Aussi étonnant que cela peut paraître, et malgré sa proximité avec la Terre, depuis l’an 2000, seules deux missions spatiales ont visité Vénus. En 2006, la sonde de l’Agence spatiale européenne Venus Express a rejoint la planète pour une mission qui a duré jusqu’en 2014 puis, un an plus tard, après un parcours rocambolesque, c’était au tour de la Japonaise Akatsuki. Aujourd’hui, l’Inde réaffirme son intérêt pour Vénus, et si le financement suit, une mission spatiale pourrait être lancée dès 2023.

Malgré l’échec de Chandrayaan-2 sur la Lune, les ambitions indiennes dans le domaine de l’exploration robotique sont intactes. Il y a quelques jours, une équipe de scientifiques et d’ingénieurs de l’Agence spatiale indienne, l’Isro, a relancé l’idée du développement d’une mission à destination de Vénus. S’appuyant sur des travaux antérieurs, cette équipe a détaillé sa proposition lors d’une réunion d’un groupe d’experts de Vénus qui s’est tenue la semaine dernière aux États-Unis, rapporte le site Internet space.com.
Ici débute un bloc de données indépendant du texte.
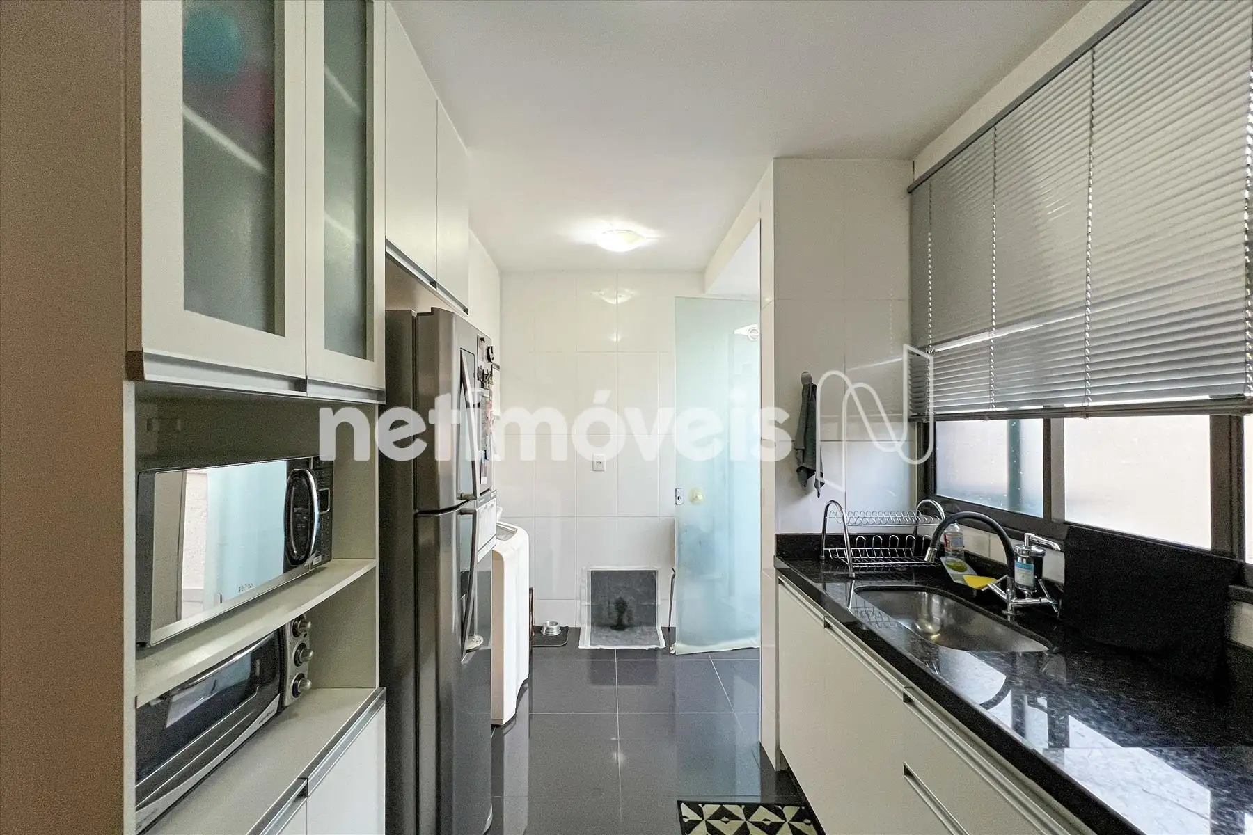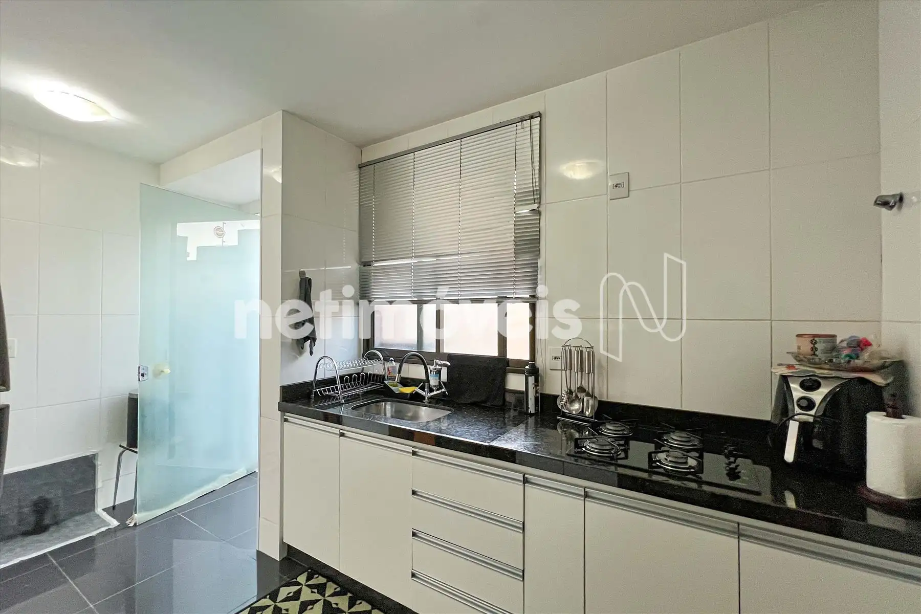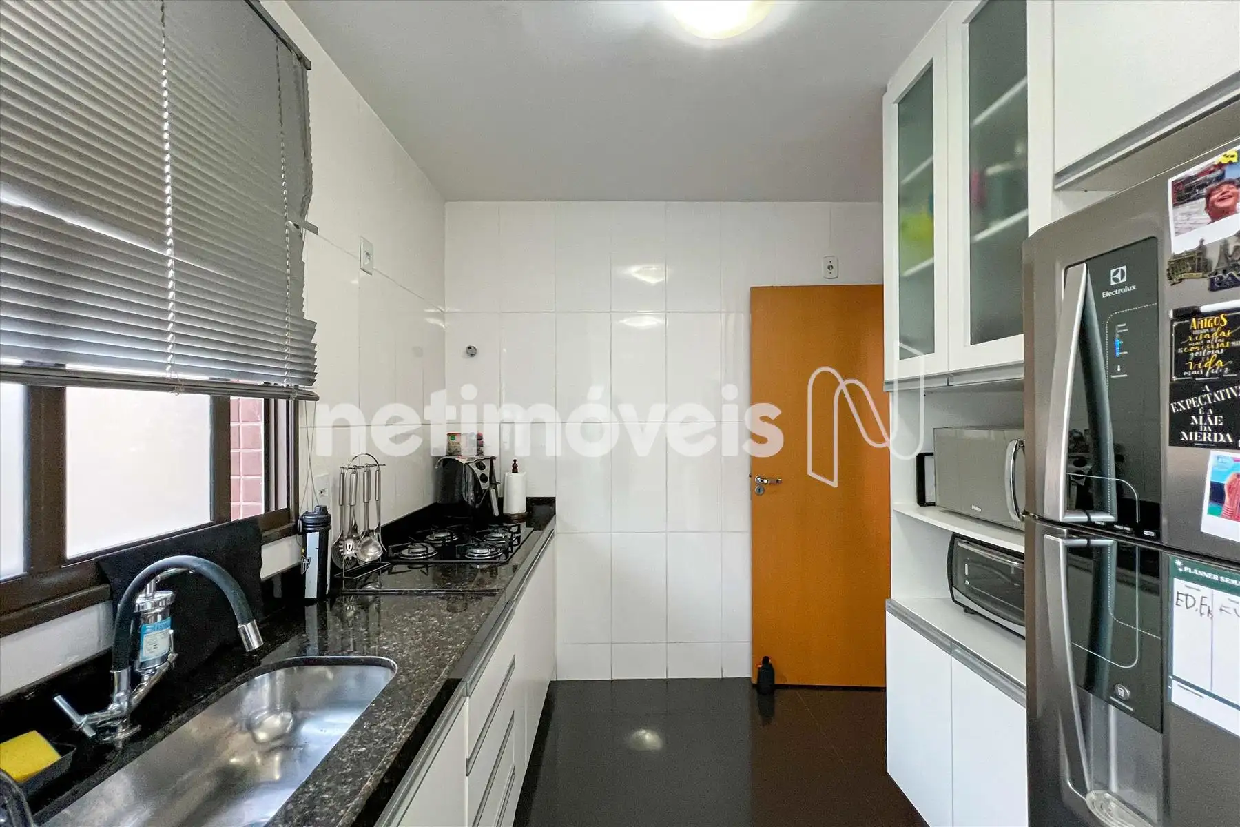 Cozinha com armários planejados, piso em granito, pia e bancada em granito;

L’idée de l’Isro serait d’envoyer une sonde dotée d’une douzaine d’instruments scientifiques dont « l’objectif principal serait de cartographier la surface et le sous-sol vénusiens » a déclaré Nigar Shaji, un scientifique de l’Isro. Une cartographie du sous-sol aurait comme principal intérêt de localiser les points chauds associés à une activité volcanique et que l’on suppose éparpillés un peu partout sur Vénus. Voire de détecter les manifestations du volcanisme vénusien dont les scientifiques pensent qu’il est encore aujourd’hui très actif.

La sonde aurait comme autres objectifs l’étude de l’atmosphère et l’ionosphère de la planète, ainsi que la manière dont Vénus interagit avec son proche environnement. Parmi les sujets d’études retenus, figurent principalement la surveillance des nuages l’activité électrique et de mystérieuses lueurs dans l’atmosphère de la planète.

L’Inde démontre son savoir-faire

Si cette mission est approuvée, elle pourrait être lancée en juin 2023 avec à son bord une charge utile d’une centaine de kilogrammes, ce qui est tout à fait comparable à celle des grandes missions américaines ou européennes. Cela montre aussi les progrès faits par l’Inde dans le domaine de l’exploration robotique, bien aidée il est vrai par des programmes de transferts technologiques venus des États-Unis, d’Europe ou de Russie et des collaborations scientifiques internationales.

Emmanuel Marcq, spécialiste de Vénus au Latmos, s’exprimant dans les colonnes du Figaro, est tout aussi conscient de cette maturité technologique et ne dit pas autre chose quand il souligne que « contrairement à leur mission martienne Mangalayaan de 2014 qui était essentiellement un démonstrateur technologique, ce projet d’orbiteur vénusien s’inscrit dans une démarche plus scientifique ».